Accuracy of the predicted timing of a second breast cancer event at each of a set of threshold probabilitiesa.
| Threshold | Predicted number of second breast cancer events | Mean difference in months | Median difference in months | Minimum difference in months | Maximum difference in months |
| 0.10 | 76 | –1.5 | 0 | –36 | 19 |
| 0.15 | 74 | –0.8 | 0 | –27 | 19 |
| 0.20 | 73 | –0.3 | 0 | –24 | 19 |
| 0.25 | 72 | –0.3 | 0 | –24 | 19 |
| 0.30 | 70 | –0.5 | 0 | –24 | 5 |
| 0.35 | 70 | –0.5 | 0 | –24 | 5 |
| 0.40 | 70 | –0.3 | 0 | –24 | 5 |
| 0.45 | 70 | –0.2 | 0 | –24 | 5 |
| 0.50 | 70 | –0.04 | 0 | –24 | 5 |
| 0.55 | 70 | 0.01 | 0 | –24 | 5 |
| 0.60 | 70 | 0.1 | 0 | –24 | 5 |
| 0.65 | 70 | 0.1 | 0 | –24 | 5 |
| 0.70 | 69 | 0.3 | 0 | –24 | 9 |
| 0.75 | 68 | 0.4 | 0 | –24 | 9 |
aThe table shows the mean, median, maximum, and minimum of the difference between the observed and predicted time of a second breast cancer event given the threshold for each of the individuals correctly predicted to have a second breast cancer event. A negative value indicates that the predicted time of a second breast cancer event precedes the observed time. For each threshold, an individual is determined to have had a second breast cancer event if at least one of the monthly predicted probabilities exceeds the threshold. There are 79 individuals with a second breast cancer event in the test data.

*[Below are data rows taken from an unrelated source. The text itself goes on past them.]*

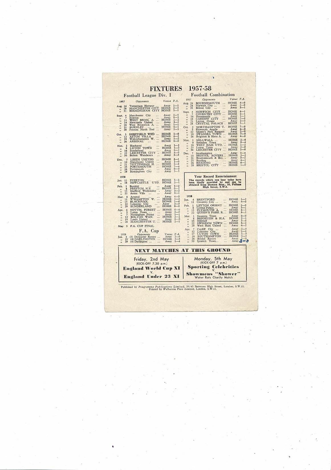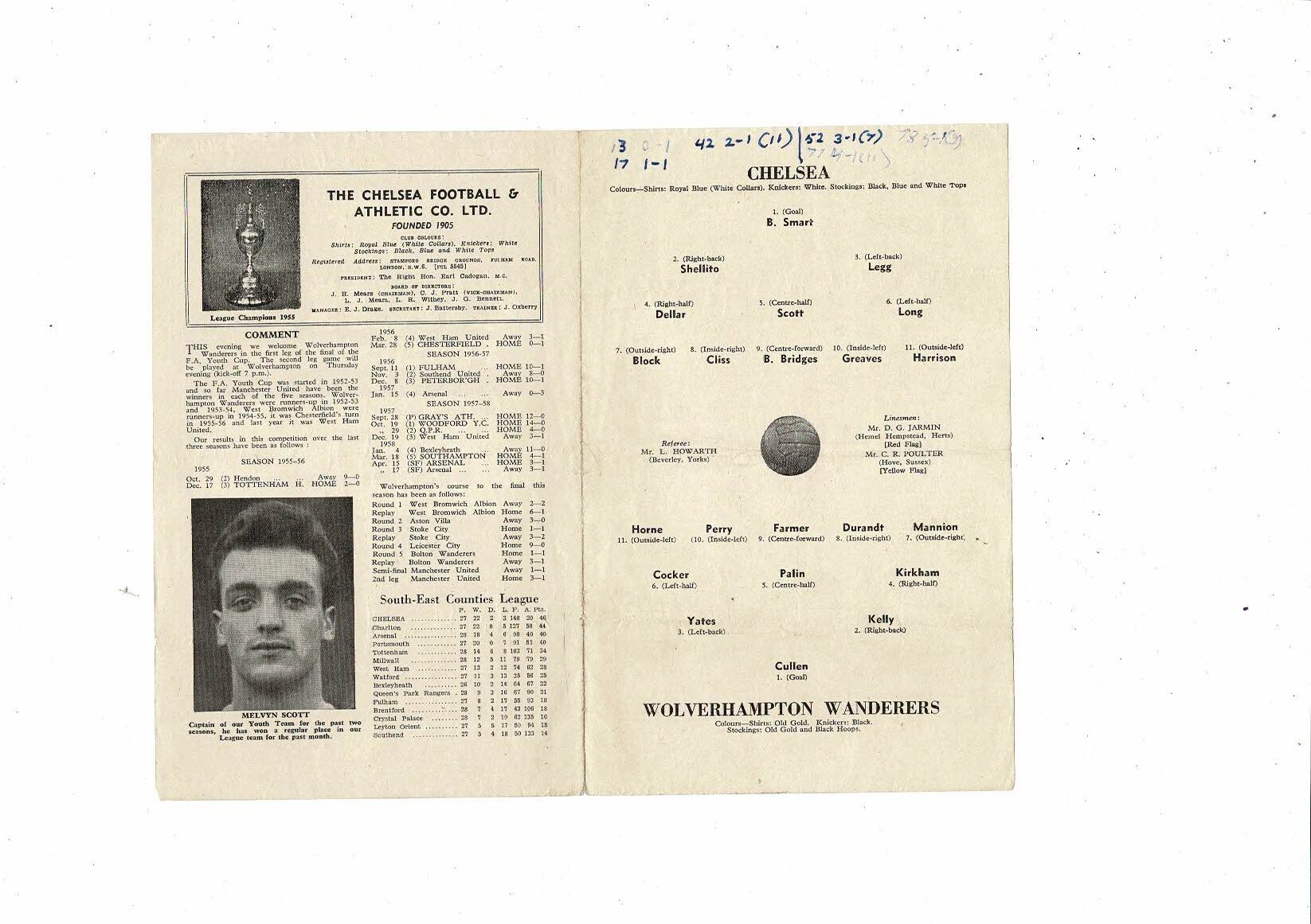 1958 Chelsea v Wolves FA Youth Cup Final Football Programme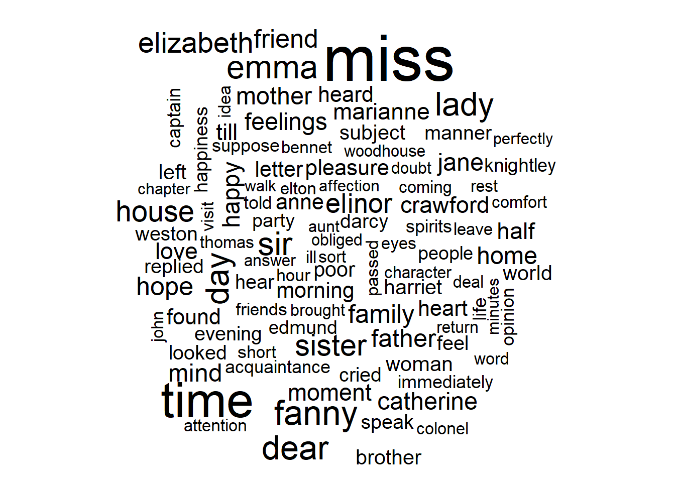 with(wordcloud(word, n, max.words = 100)) #限定词云的最大数量为100## Joining with `by = join_by(word)`
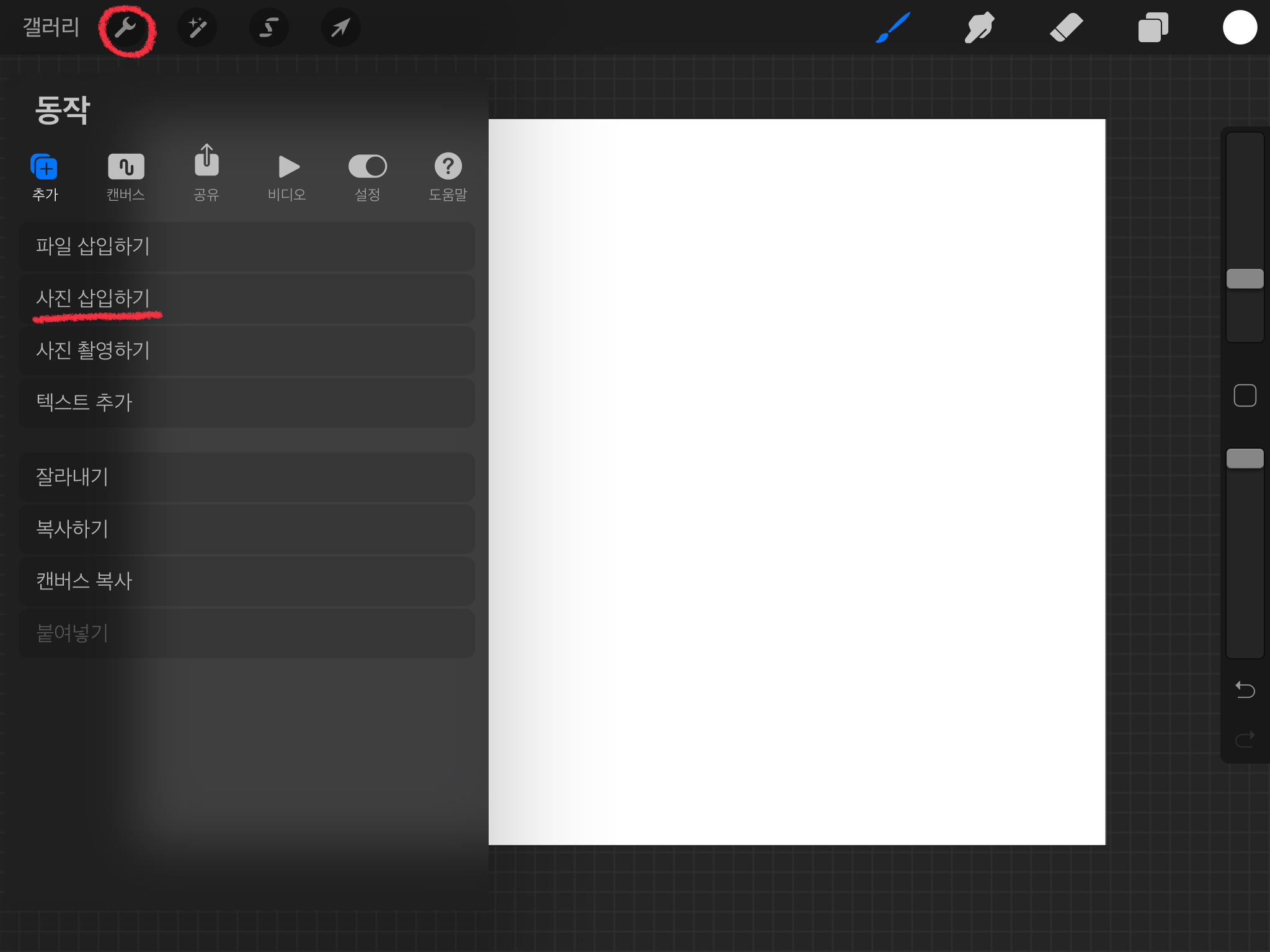 먼저 색상을 추출할 그림 혹은 사진을 아래와 같이 불러옵니다. 저는 [동작] - [사진 삽입하기] 를 눌러서 색을 추출할 사진을 넣어주었습니다. 공구모양 버튼이 [동작] 버튼입니다.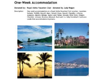 One week accommodation at a Royal Aloha Vacation Club Location. Locations include: Waikiki, Hawaii; Maui, Hawaii; Kona, Hawaii; Chandler, Arizona; Acapulco, Mexico; Melaga, Spain; Lake Tahoe, Nevada; Otter Rock, Oregon; Chandler, Arizona; Branson, Missouri. Each unit is a fully furnished 2-bedroom condo that accommodates 6 persons.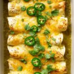 - Garnish and serve: Remove the enchiladas from the oven and top with thinly sliced jalapeños and fresh cilantro leaves. Serve warm and enjoy.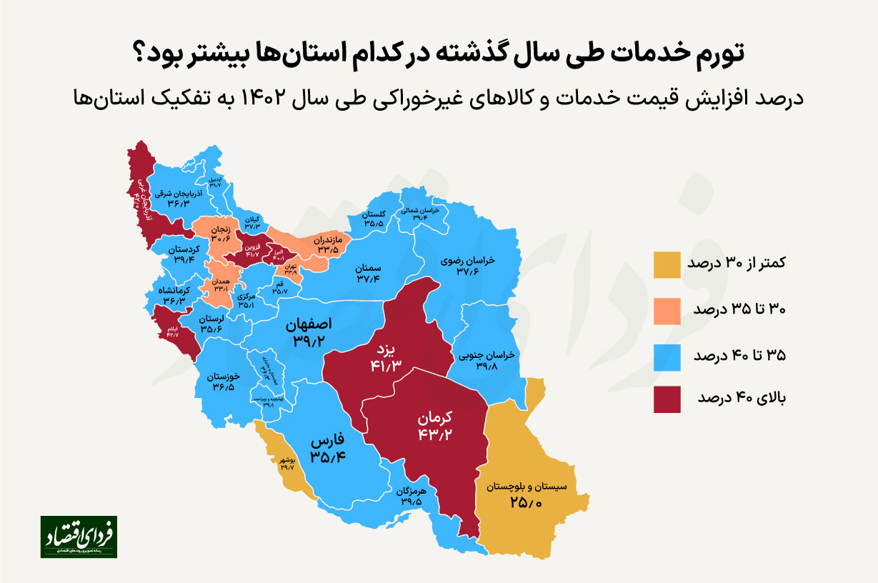 تورم مصارف غیرخوراکی و خدمات طی سال ۱۴۰۲ از ۲۵ درصد تا ۴۳ درصد در استانها متغیر بوده است.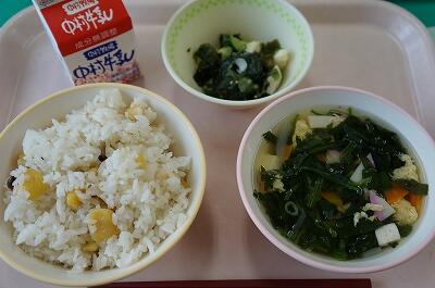 秋味ご飯は、秋の味覚である栗が豊富に入っていました(*^▽^*)しめじも入り、秋味を演出していました。かきたま汁は、アツアツで本当においしかったです。里芋の酢味噌和えは、里芋よりもイカの方がインパクトが強かったように思いますが、どちらにしても旨さに変わりはありませんでした。季節を感じることのできる給食っていいですよね~。ありがたいです<(_ _)>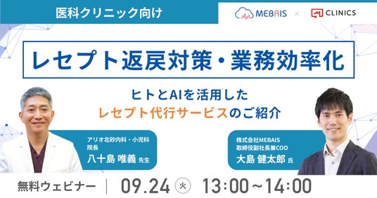 株式会社MEBAISは、株式会社メドレー様と共同で『レセプト返戻対策・業務効率化 ヒトとAIを活用したレセプト代行サービスのご紹介』セミナーを2024年9月24日(火)に開催致します。

Figure 3Accuracy of predicted timing of recurrence expressed via a comparison of Kaplan-Meier curves for observed (red) versus predicted (blue) time to SBCE among test set cases with a SBCE, where the predicted time to SBCE is based on a threshold probability of 0.5. Cases for whom no SBCE is predicted (monthly predicted probabilities never exceed 0.5) are censored at their last follow-up time. SBCE: second breast cancer event.